Careful analysis of any solid area within cystic nodules is imperative to identify the rare papillary thyroid cancer (approximately 2.5%) with a large cystic component. Hatabu and colleagues described the “calcified nodule within a cyst,” a sign of papillary excrescences with microcalcifications protruding into the cyst, as specific for papillary thyroid cancer ( Fig. 5 ). Such an area should be specifically targeted during fine-needle aspiration.
Echotexture
The echotexture (or shade of gray) of solid nodules is another important criterion taken into consideration when analyzing nodules. The echotexture of the nodule is compared with that of the surrounding thyroid parenchyma and the strap muscle ( Fig. 6 ). Nodules are described as isoechoic (same shade of gray as the thyroid), hypoechoic (darker than the thyroid) or markedly hypoechoic (darker than the strap muscle). Hypoechoic and very hypoechoic nodules are classified as suspicious and referred for FNAB. Kim and colleagues found that 26.5% of malignant nodules were markedly hypoechoic (see Fig. 6 ) compared with only 5.6% of benign nodules. The underlying histology for these nodules is usually PTC, and it is postulated that the dense cellularity of PTC produces very few interfaces to the sound beam and hence the hypoechoic appearance. Follicular neoplasms, whether benign adenomas or follicular carcinomas, contain colloid, have a microfollicular structure, and usually display an echogenic or mixed echotexture. Pathologically, they are typically encapsulated and tend to be sharply demarcated from the surrounding thyroid parenchyma on US.
Shape
Moon and colleagues reported that an elongated shape as compared with a wide shape, defined as an anteroposterior to transverse ratio of 1 or greater, is highly specific (91.4%) for malignancy. These results confirmed the reports published earlier. In another series, nodules with a spherical shape (ratio of long to short axis <1.5) were found to be associated with an 18% risk of cancer. By contrast, a ratio of long to short axis greater than 2.5 was found to have a 100% negative predictive value for malignancy. It is speculated that cancers tend to grow across tissue planes and assume a spherical shape to maximize their oxygen supply, whereas benign lesions respect normal thyroid parenchyma.
Borders
Predictably, a spiculated or nodular border is associated with a higher probability of malignancy (see Fig. 6 ). Classically, PTC invades the surrounding thyroid tissue and is poorly encapsulated. In the series published by Moon and colleagues, 48.3% of thyroid cancers had spiculated margins and 32.5% had smooth borders, whereas 75.9% of benign nodules had smooth margins and only 8.2% were spiculated. These results confirm findings from previous studies. Demonstration of a refractive shadow from the edge of a solid nodule is another suspicious finding that warrants fine-needle aspiration.
Perinodular Halo
Some thyroid nodules are surrounded by a distinct hypoechoic halo.
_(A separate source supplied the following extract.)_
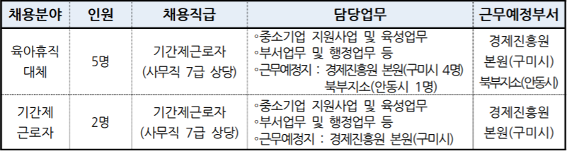 경상북도경제진흥원 기간제근로자 채용은 육아휴직대체 5명, 기간제 근로자 2명이다. (사무직 7급상당)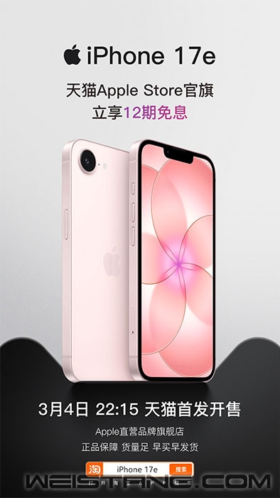 iPhone 17e、新款iPad Air在天猫全球同步首发。 目前,iPhone 17e、新款iPad Air已在天猫启动预约,售价分别为4499元起、4799元起。3月4日22点15分,开启售卖。 iPhone 17e加入iPhone 17产品阵容,搭载抗刮划能力更高的超瓷晶面板2、最新一代芯片A19、4800万像素融合式摄像头、快捷的MagSafe无线充电和USB‑C连接,存储容量256GB起步。 新款iPad Air搭载超快速的M4芯片,统一系统内存提升50%,想做什么都得心应手。图形处理器架构带来先进的图形处理能力,无论是工作、创作、玩游戏还是在线追剧,流畅度再升级。 今年消费者在天猫AppleStore官方旗舰店买春季新品更划算,新品首发期,即支持至高12期免息。 此外,通过以旧换新购买新iPhone,天猫补贴高至900元,还可额外叠加国家补贴500元。 天猫Apple Store官方旗舰店由苹果官方直营,享有正品保证,库存充足,支持激活后7天无理由退货政策,并提供包括以旧换新、免息分期付款和Apple Specialist专家支持在内的一致官方服务,以确保最佳用户体验。 3月4日22点15分,天猫将现货开售iPhone 17e和新款iPad Air,库存充足,成为消费者购买苹果春季新品首选的电商平台。 |

Although it was initially speculated that this hypoechoic rim represents thyroid parenchyma compressed by a slow-growing and therefore presumably benign process, correlation with histology has shown that follicular adenomas and carcinomas are well encapsulated and may display a well-defined thick hypoechoic rim. In fact, adenomatous (colloid) nodules can be incompletely encapsulated or poorly demarcated from the rest of the thyroid parenchyma. Therefore, the presence of a halo is not a particularly useful sonographic criterion to suggest a benign process.
Calcifications
Calcifications are detected in almost one-third of thyroid nodules. Microcalcifications are defined as punctuate echogenic foci measuring less than 2 mm. Because of their small size, they do not produce acoustic shadowing. Microcalcifications are thought to represent the psammoma bodies or calcified laminated nidus that are frequently found in PTC. The presence of microcalcifications in a solid nodule has a high specificity of 91.3% to 96.3% and a positive predictive value of 74.8% for malignancy; unfortunately, the sensitivity is only 29% to 51.4% ( Figs. 7 and 8 ).